## DATA FOR THE TASK
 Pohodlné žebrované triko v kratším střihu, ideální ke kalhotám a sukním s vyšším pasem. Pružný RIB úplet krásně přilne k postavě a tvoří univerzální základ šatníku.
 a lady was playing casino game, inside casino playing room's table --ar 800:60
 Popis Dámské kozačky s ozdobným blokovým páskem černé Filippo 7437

...

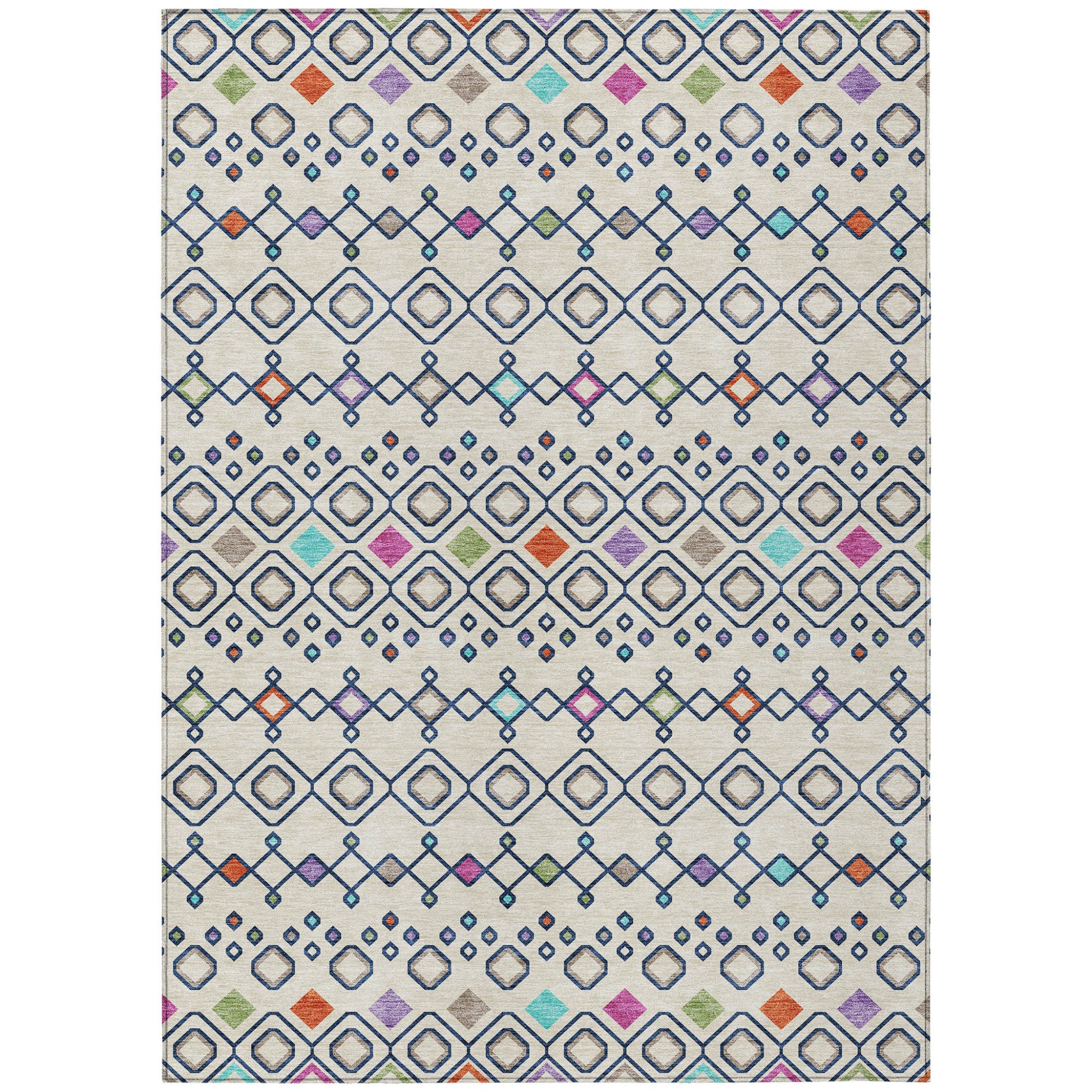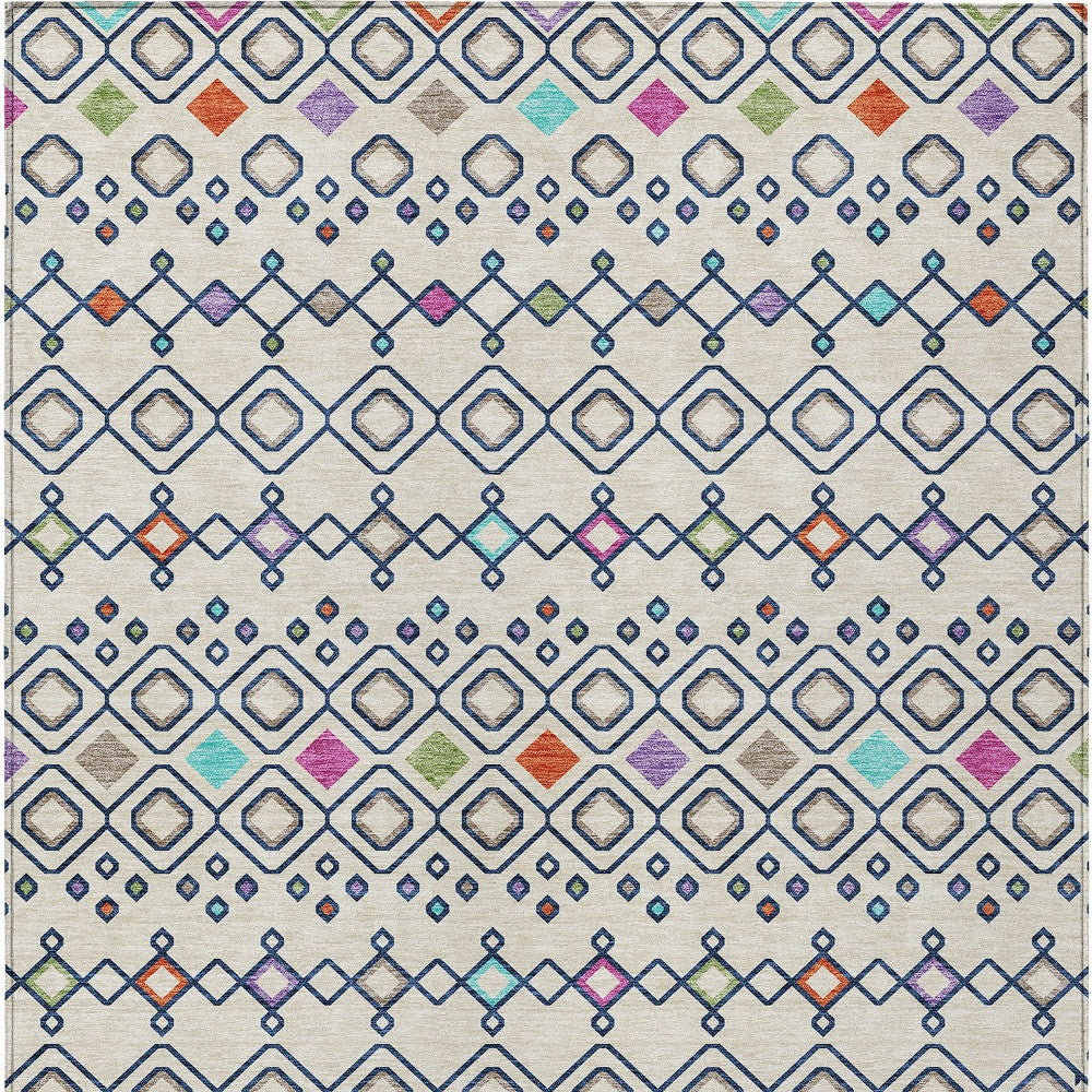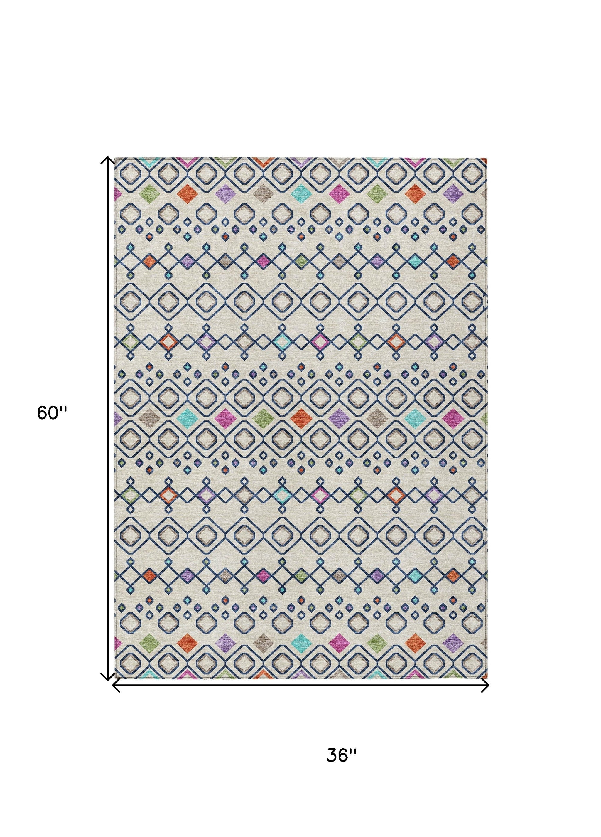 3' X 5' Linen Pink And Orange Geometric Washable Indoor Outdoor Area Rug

## WORK ITEM
Output the lines above between the one holding "Pohodlné žebrované triko" and the one holding "Popis Dámské kozačky", inclusive, with nothing before or after them.

## EXERCISE ANSWER
 Pohodlné žebrované triko v kratším střihu, ideální ke kalhotám a sukním s vyšším pasem. Pružný RIB úplet krásně přilne k postavě a tvoří univerzální základ šatníku.
 a lady was playing casino game, inside casino playing room's table --ar 800:60
 Popis Dámské kozačky s ozdobným blokovým páskem černé Filippo 7437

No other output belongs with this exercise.